Data supplied >>
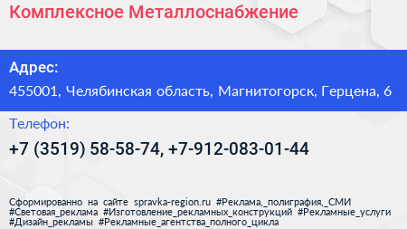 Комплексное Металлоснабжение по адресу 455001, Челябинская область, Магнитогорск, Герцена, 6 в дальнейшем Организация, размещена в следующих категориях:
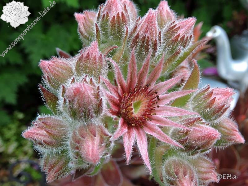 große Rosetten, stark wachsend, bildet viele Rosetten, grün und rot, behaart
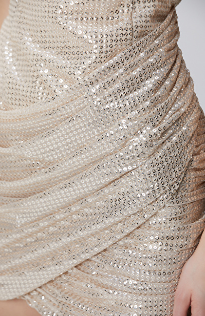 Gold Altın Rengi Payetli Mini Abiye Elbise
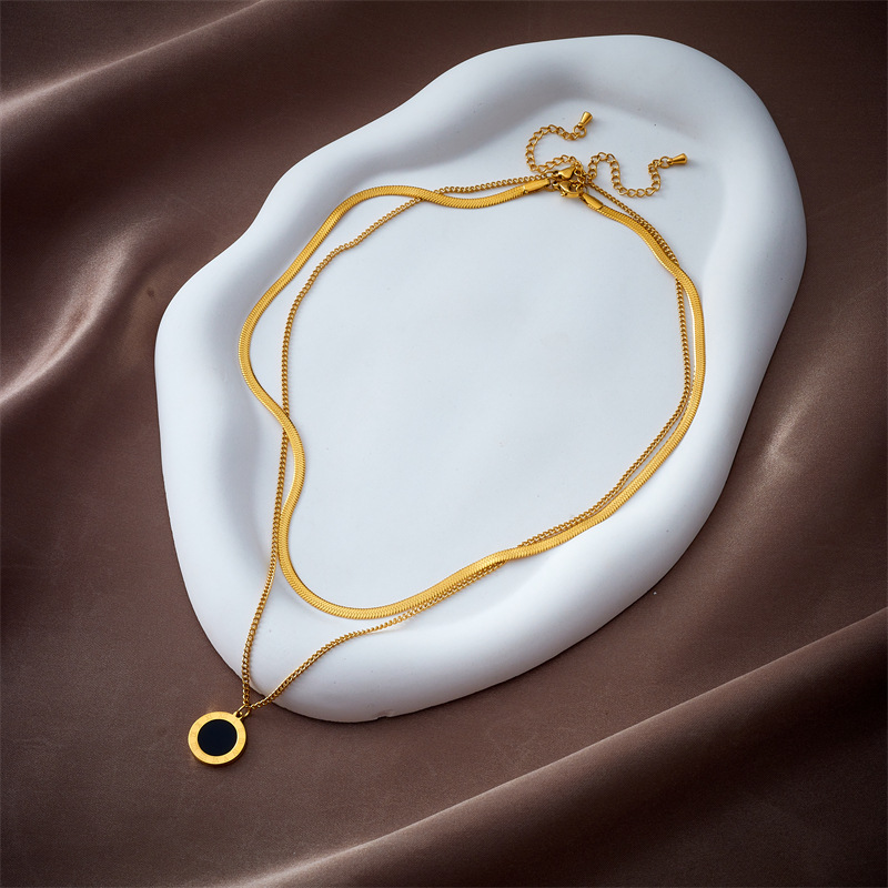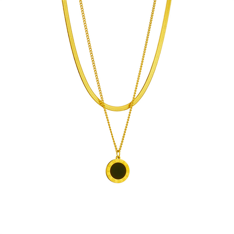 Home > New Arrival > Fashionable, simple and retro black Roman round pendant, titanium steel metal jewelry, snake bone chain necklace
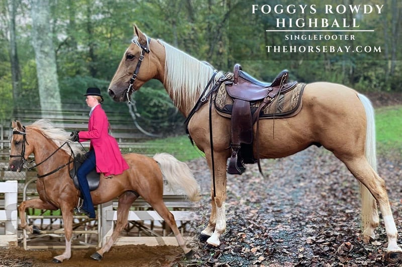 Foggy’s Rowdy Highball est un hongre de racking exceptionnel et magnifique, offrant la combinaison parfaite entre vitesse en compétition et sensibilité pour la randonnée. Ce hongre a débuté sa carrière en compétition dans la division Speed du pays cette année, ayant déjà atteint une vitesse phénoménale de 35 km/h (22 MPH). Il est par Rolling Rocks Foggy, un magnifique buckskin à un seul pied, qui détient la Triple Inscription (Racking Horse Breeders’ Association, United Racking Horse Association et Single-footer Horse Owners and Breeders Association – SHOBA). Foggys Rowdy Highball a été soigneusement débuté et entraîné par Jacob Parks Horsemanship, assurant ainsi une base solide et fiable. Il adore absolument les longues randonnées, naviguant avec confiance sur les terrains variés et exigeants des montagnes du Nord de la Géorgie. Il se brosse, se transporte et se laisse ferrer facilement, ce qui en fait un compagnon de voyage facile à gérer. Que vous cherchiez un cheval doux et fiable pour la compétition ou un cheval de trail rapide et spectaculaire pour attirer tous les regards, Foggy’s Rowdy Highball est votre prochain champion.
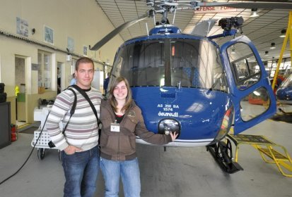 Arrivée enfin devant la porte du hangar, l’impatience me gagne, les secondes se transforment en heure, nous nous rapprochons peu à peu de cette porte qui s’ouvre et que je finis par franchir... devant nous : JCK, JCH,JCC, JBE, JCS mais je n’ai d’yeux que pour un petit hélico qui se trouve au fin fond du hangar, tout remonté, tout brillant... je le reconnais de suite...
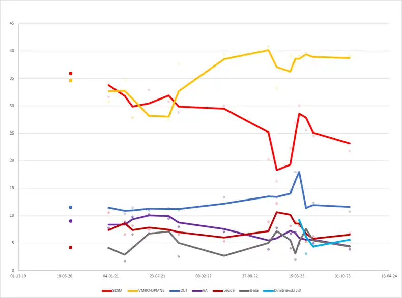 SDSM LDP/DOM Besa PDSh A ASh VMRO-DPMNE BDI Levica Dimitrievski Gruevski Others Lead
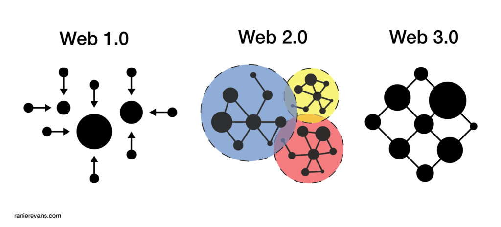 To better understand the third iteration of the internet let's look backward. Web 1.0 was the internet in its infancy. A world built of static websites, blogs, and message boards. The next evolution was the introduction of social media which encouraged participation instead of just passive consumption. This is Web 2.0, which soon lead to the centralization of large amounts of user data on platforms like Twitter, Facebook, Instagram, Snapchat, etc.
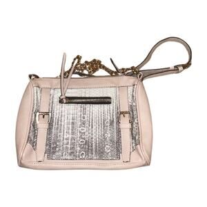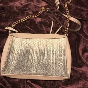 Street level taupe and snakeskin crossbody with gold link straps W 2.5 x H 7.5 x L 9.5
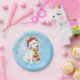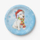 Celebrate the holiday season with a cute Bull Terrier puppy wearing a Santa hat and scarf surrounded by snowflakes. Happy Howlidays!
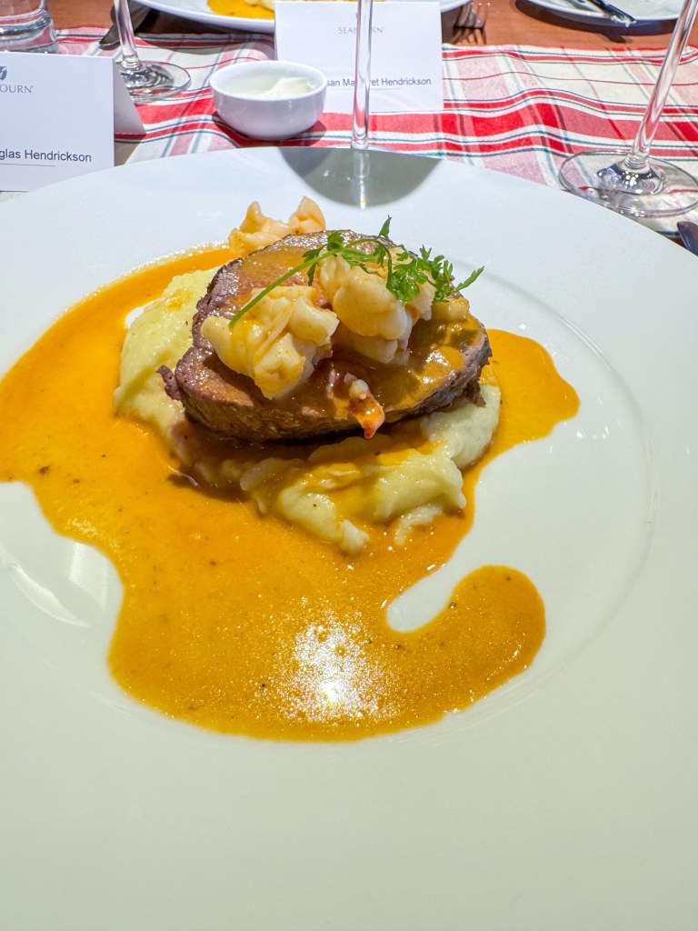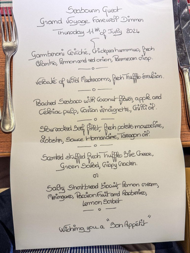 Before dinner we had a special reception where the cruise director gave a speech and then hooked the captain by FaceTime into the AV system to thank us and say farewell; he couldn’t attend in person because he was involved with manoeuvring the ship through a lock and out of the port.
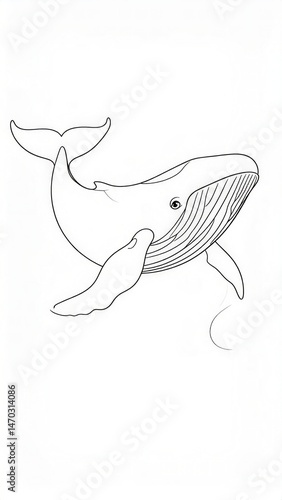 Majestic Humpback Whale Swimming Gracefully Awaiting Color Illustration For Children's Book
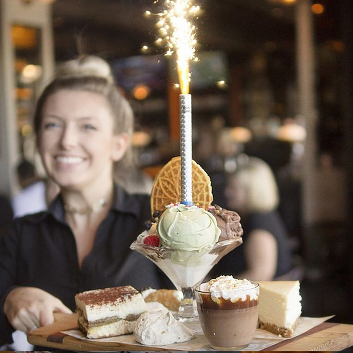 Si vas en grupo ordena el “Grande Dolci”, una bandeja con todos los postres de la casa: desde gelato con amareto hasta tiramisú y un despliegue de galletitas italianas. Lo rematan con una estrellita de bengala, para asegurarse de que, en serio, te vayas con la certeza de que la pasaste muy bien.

Directions for this task >> The required output is the exact run of lines from the start of the records through the line containing "Foggy’s Rowdy Highball est un", both ends included, with no pictures.

Output below >>
 Комплексное Металлоснабжение по адресу 455001, Челябинская область, Магнитогорск, Герцена, 6 в дальнейшем Организация, размещена в следующих категориях:
 große Rosetten, stark wachsend, bildet viele Rosetten, grün und rot, behaart
 Gold Altın Rengi Payetli Mini Abiye Elbise
 Home > New Arrival > Fashionable, simple and retro black Roman round pendant, titanium steel metal jewelry, snake bone chain necklace
 Foggy’s Rowdy Highball est un hongre de racking exceptionnel et magnifique, offrant la combinaison parfaite entre vitesse en compétition et sensibilité pour la randonnée. Ce hongre a débuté sa carrière en compétition dans la division Speed du pays cette année, ayant déjà atteint une vitesse phénoménale de 35 km/h (22 MPH). Il est par Rolling Rocks Foggy, un magnifique buckskin à un seul pied, qui détient la Triple Inscription (Racking Horse Breeders’ Association, United Racking Horse Association et Single-footer Horse Owners and Breeders Association – SHOBA). Foggys Rowdy Highball a été soigneusement débuté et entraîné par Jacob Parks Horsemanship, assurant ainsi une base solide et fiable. Il adore absolument les longues randonnées, naviguant avec confiance sur les terrains variés et exigeants des montagnes du Nord de la Géorgie. Il se brosse, se transporte et se laisse ferrer facilement, ce qui en fait un compagnon de voyage facile à gérer. Que vous cherchiez un cheval doux et fiable pour la compétition ou un cheval de trail rapide et spectaculaire pour attirer tous les regards, Foggy’s Rowdy Highball est votre prochain champion.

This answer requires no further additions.